Security Council composition
- Permanent members: China; France; Russia; United Kingdom; United States;
- Non-permanent members: Botswana; Chile; Egypt; Guinea-Bissau; Germany; Honduras; Indonesia; Italy; South Korea; Poland;

= United Nations Security Council Resolution 1050 =

United Nations Security Council resolution 1050, adopted unanimously on 8 March 1996, after recalling all previous resolutions on Rwanda, the Council discussed arrangements for the withdrawal of the United Nations Assistance Mission for Rwanda (UNAMIR).

The Security Council stressed the importance of safe and voluntary return of refugees and national reconciliation, and of the Government of Rwanda to promote confidence, security and trust. Conference were held in Cairo and Addis Ababa concerning the refugee crisis, and the Council stressed the importance of a regional conference to address the issue. All countries were urged to co-operate with the Commission of Inquiry established in Resolution 1013 (1995) and with the human rights operation in Rwanda. The Council remained convinced that the United Nations continue to play a role in the country.

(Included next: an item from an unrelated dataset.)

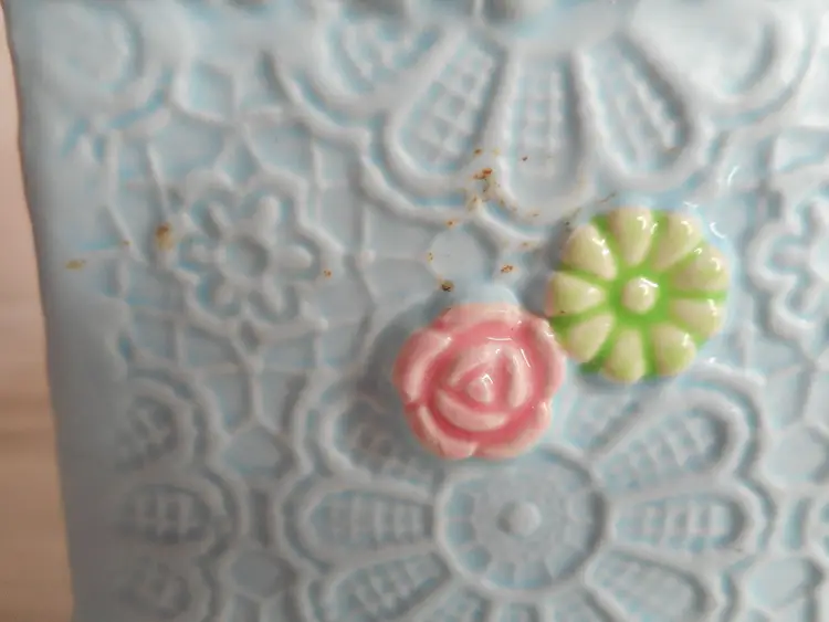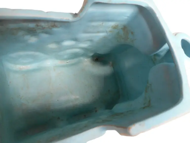 Preowned - no obvious imperfections, no cracks, chips, crazing; there is a small area of discoloration/smudging on the back, I wiped it off and it came off a bit, I think it needs a toothbrush and a little soap and water, and It may come off completely. The marks aren't obvious in any case, it has been used so there is discoloration inside that I did not try to remove and it is probably dusty in there as well.

As requested in Resolution 1029 (1995), the Secretary-General Boutros Boutros-Ghali was to begin withdrawing UNAMIR from Rwanda on 9 March 1996. All remaining elements of UNAMIR would contribute to the security and protection of the International Criminal Tribunal for Rwanda. With the consent of the Rwandan government, the Secretary-General was encouraged to continue the operation of the communications system and radio station to promote national reconciliation, strengthen the judicial system, facilitate the return of refugees and restore the country's infrastructure.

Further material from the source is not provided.